A simple vista a la institución encargada de la procuración de justicia e investigación del delito, se le aprecian síntomas muy afines a estas enfermedades: fiscaliartritis y fiscaliartrosis, con manifestaciones de desgaste en su estructura, acalambramiento y obstrucción de los canales de comunicación de las áreas entre sí y entre sus mismos miembros.

Por eso, es común advertir las diferencias entre una agencia del Ministerio Público y otra, no sólo por la incidencia del tipo de delito que investigan, en el caso de las Agencias del Ministerio Público Especializadas, sino por su desarticulación metodológica y la forma de trabajo que realizan; pues el hecho que atiendan en particular cierto tipos delictivos, la aplicación de una metodología general debería ser la misma o al menos contar con los mismos recursos metodológicos; sin embargo, es notoria la diferencia entre unas y otras.

Sucede lo mismo, no en raras ocasiones sin exageración, al revisar las carpetas de investigación, resulten marcadas discrepancias en el equipo que asiste al lugar de intervención o lugar de los hechos, entre la policía de investigación y el personal pericial, en que el informe policial homologado y el dictamen de criminalística de campo, describen escenarios distintos, no sólo sobre datos cuantitativos, sino también cualitativos.

Resulta de explorado conocimiento criminalístico que mientras el tiempo pasa, la verdad huye; por eso, es de trascendental importancia, ante la noticia de un hecho probablemente delictuoso, contar con los primeros datos sobre lo ocurrido en ese lugar y saber discriminar una sucesión de hechos, su secuencia y mecánica de desarrollo; todo eso, como imperativo para la reconstrucción, lo más próxima posible, a la realidad de lo sucedido, como base para obtener éxito en la investigación.

Por otra parte, la actuación del órgano acusador del delito está sujeto a una actuación procesal que le obliga a realizar sus diligencias en determinado tiempo.

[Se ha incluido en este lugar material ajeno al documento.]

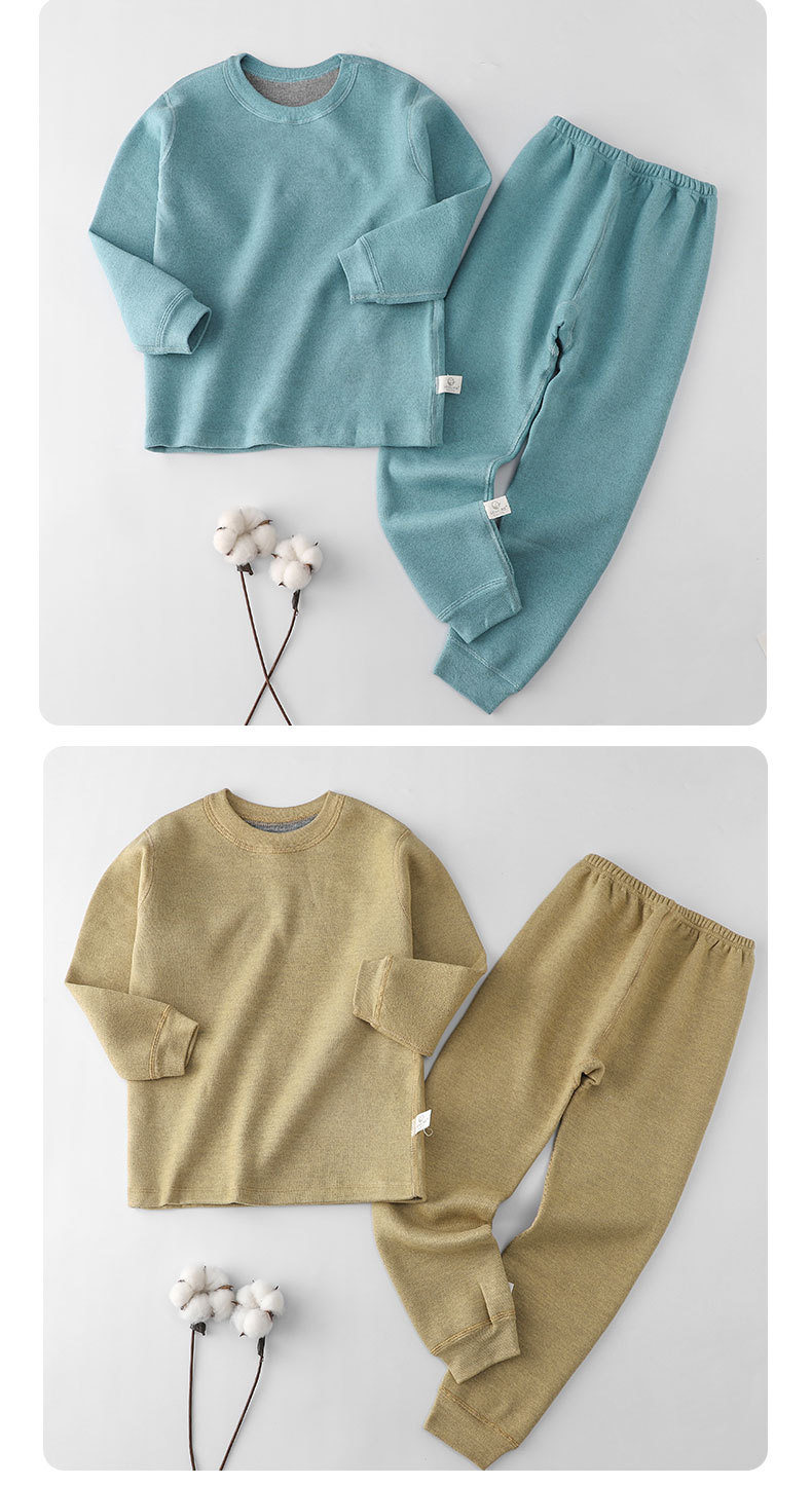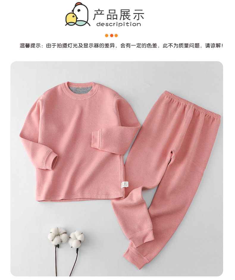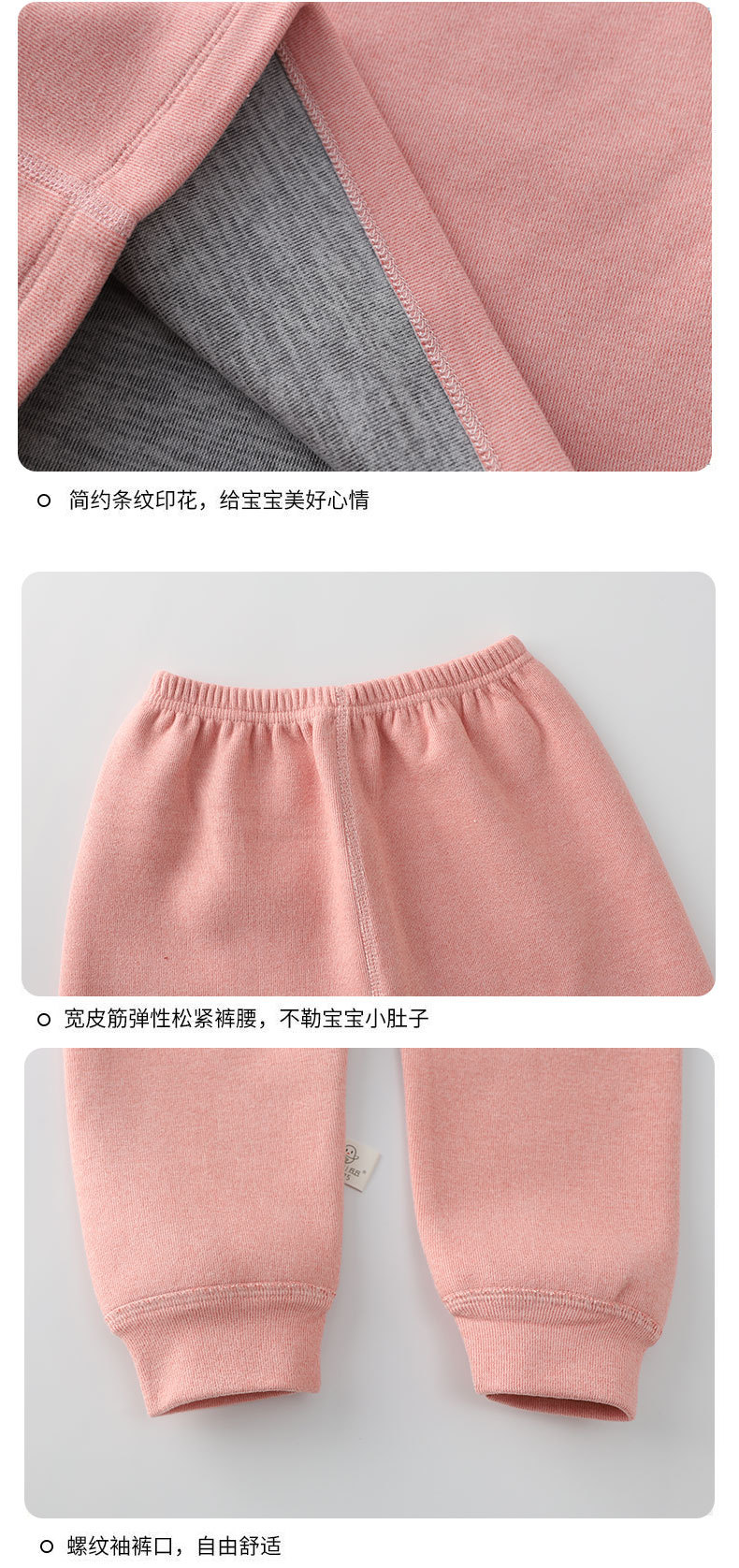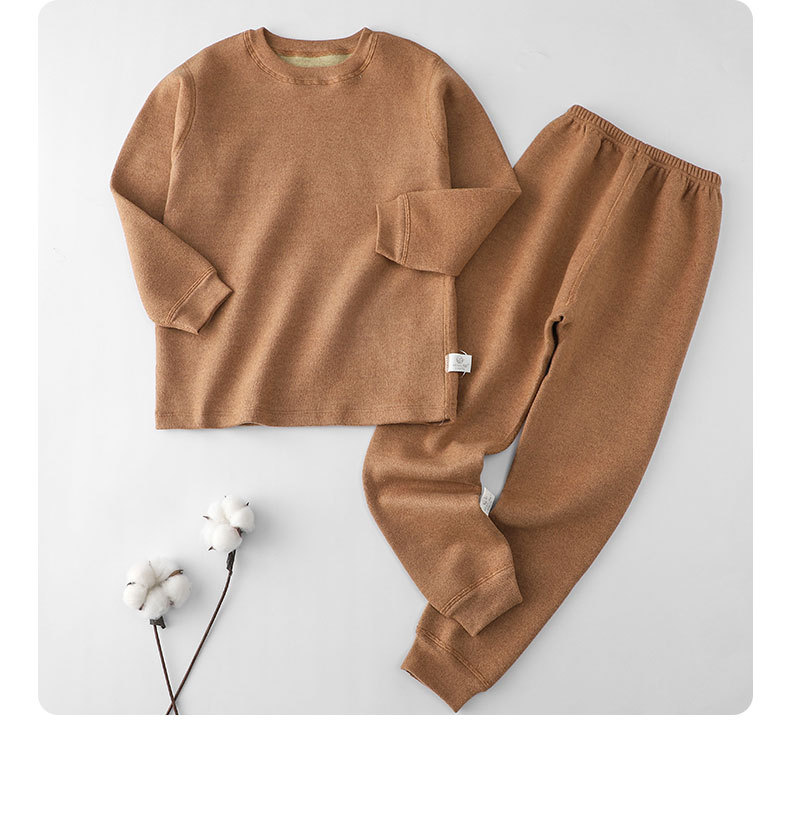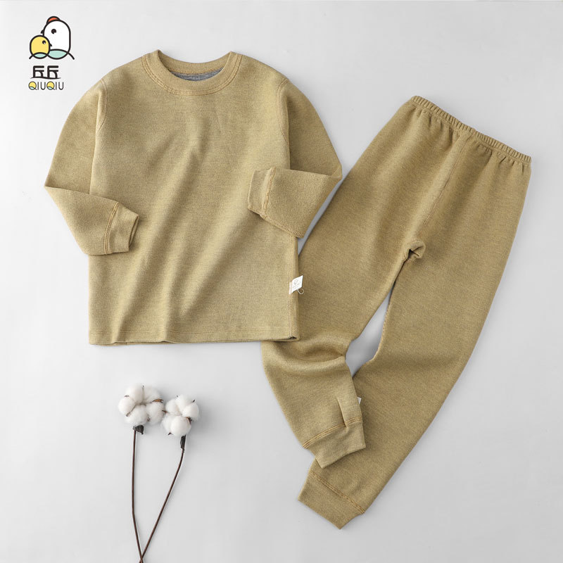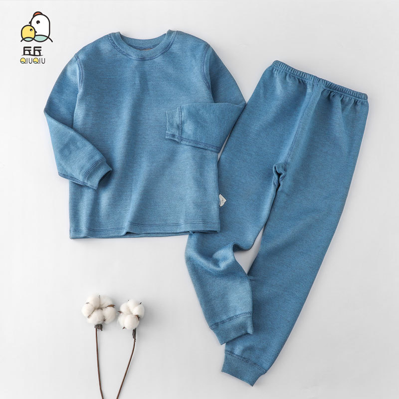 Qiuqiu 가을과 겨울 더블 레이어 합성 써니 따뜻한 벨벳 따뜻한 잠옷 남성과 여성 두꺼운 벨벳 따뜻한 속옷 세트 중간 및 큰 어린이

Estos términos procesales, comprometen un actuar diligente, pronto y oportuno; sin embargo, esto, no siempre es así, porque los efectos de esta patología, han desgastado y dificultado su actuación debida, incurriendo constantemente en violaciones de garantías y al debido proceso.

El conjunto de problemas ocasionados por la desarticulación institucional, es propiciador de discrecionalidad en todos sus integrantes, amén de otros males, que afectan directamente a las víctimas de los delitos, pero que también ocasionan grandes niveles de impunidad y corrupción.

Lea: El Ministerio Público, como si tuviera Alzheimer…

La corrupción, es un síntoma que comparten y ocasiona múltiples enfermedades. En la fiscaliartritis, la corrupción propicia tantas molestias y dolor al Ministerio Público, que volvió rígida y desarticulada a la institución. La rigidez del quehacer institucional resulta evidente, pues éste, dista de realizarse en forma ágil y oportuna; aunque algunas veces pareciera que no tiene tales dolencias, sobre todo, cuando sus actuaciones obedecen al mandato de hecho u obediencia política; pero por lo general, las manifestaciones artríticas y su actuar desarticulado suelen aparecer de manera sistemática.

Es común observar ante los efectos de la fiscaliartritis, halla presencia de manifestaciones hostiles o de resistencia entre las distintas dependencias de la institución, que haya desconfianza o celo en el quehacer de cada área o simplemente, no se reconoce o respete el trabajo que realiza cada área, en el marco de la Ley Orgánica de la Fiscalía y de su Reglamento. Esta artritis institucional, origina que la labor del Ministerio Público se vea disminuida, desarticulada, engarrotada, deficiente y con desdén por los manuales, procesos y protocolos con que cuenta, traduciéndose en la más clara manifestación de falta de profesionalismo.

Muchos de estos achaques que actualmente presenta el Ministerio Público, se irán paliando en la medida que alcance su verdadera y plena autonomía, no sólo administrativa; que la policía de investigación realice menos actividad de policía política o dependa menos del jefe político en turno o de los poderes fácticos del entorno, sino que, su dependencia sea realmente del titular del Ministerio Público, con mando de hecho y de derecho; que se aleje de la improvisación y se fortalezca verdaderamente el trabajo en equipo; que no simule la aplicación de metodología científica en la investigación del delito y aplique eficazmente los recursos metodológicos en vigor; que eleve el sentido de pertenencia de sus recursos humanos y se vuelva un auténtico garante del respeto de los derechos humanos.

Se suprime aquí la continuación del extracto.